---
id: 3d-human-modeling
title: "3D Human Modeling: Parametric Body Models, Mesh Recovery, and Digital Avatars"
schema_type: article
category: ai
language: en
confidence: medium
last_verified: "2026-05-28"
created_date: "2026-05-24"
generation_method: ai_structured
ai_models:
  - claude-4.5-sonnet
derived_from_human_seed: true
conflict_of_interest: none_declared
is_live_document: false
data_period: static
completeness: 0.85
atomic_facts:
  - id: af-3d-human-modeling-1
    statement: >-
      The SMPL paper introduced a skinned multi-person linear body model learned from registered
      body scans, with separate parameters for body shape and pose.
    source_title: "SMPL: A Skinned Multi-Person Linear Model"

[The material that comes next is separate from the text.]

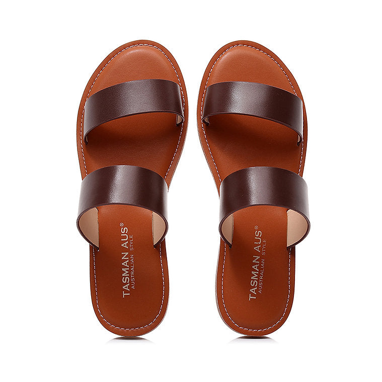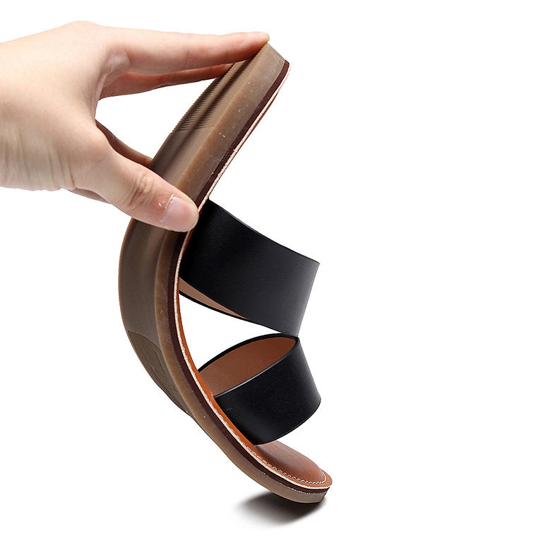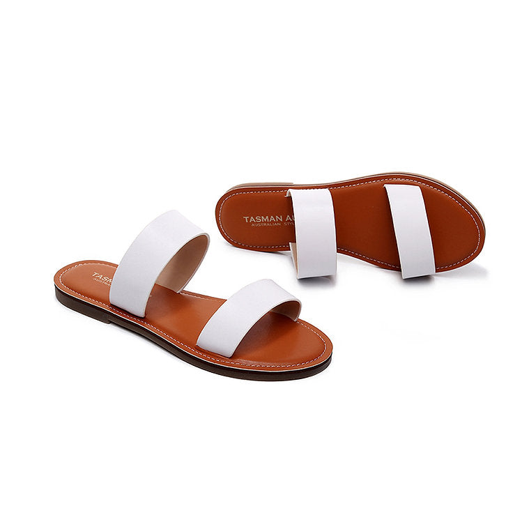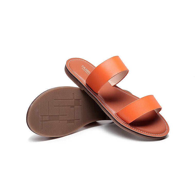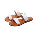 Enjoy effortless style and comfort all weekend long with our women's leather slides. Crafted with soft double straps and a simple slip-on design, this pair is a must-have essential for the summer season. Perfect for sunny strolls, beach days, or laid-back weekends.

    source_url: https://doi.org/10.1145/2816795.2818013
    confidence: medium
  - id: af-3d-human-modeling-2
    statement: >-
      HMR reconstructs a full 3D human body mesh from a single RGB image by directly inferring SMPL
      shape and 3D pose parameters.
    source_title: End-to-end Recovery of Human Shape and Pose
    source_url: https://arxiv.org/abs/1712.06584
    confidence: medium
  - id: af-3d-human-modeling-3
    statement: >-
      SMPL-X extends SMPL with articulated hands and an expressive face, supporting full-body
      fitting from a single monocular image.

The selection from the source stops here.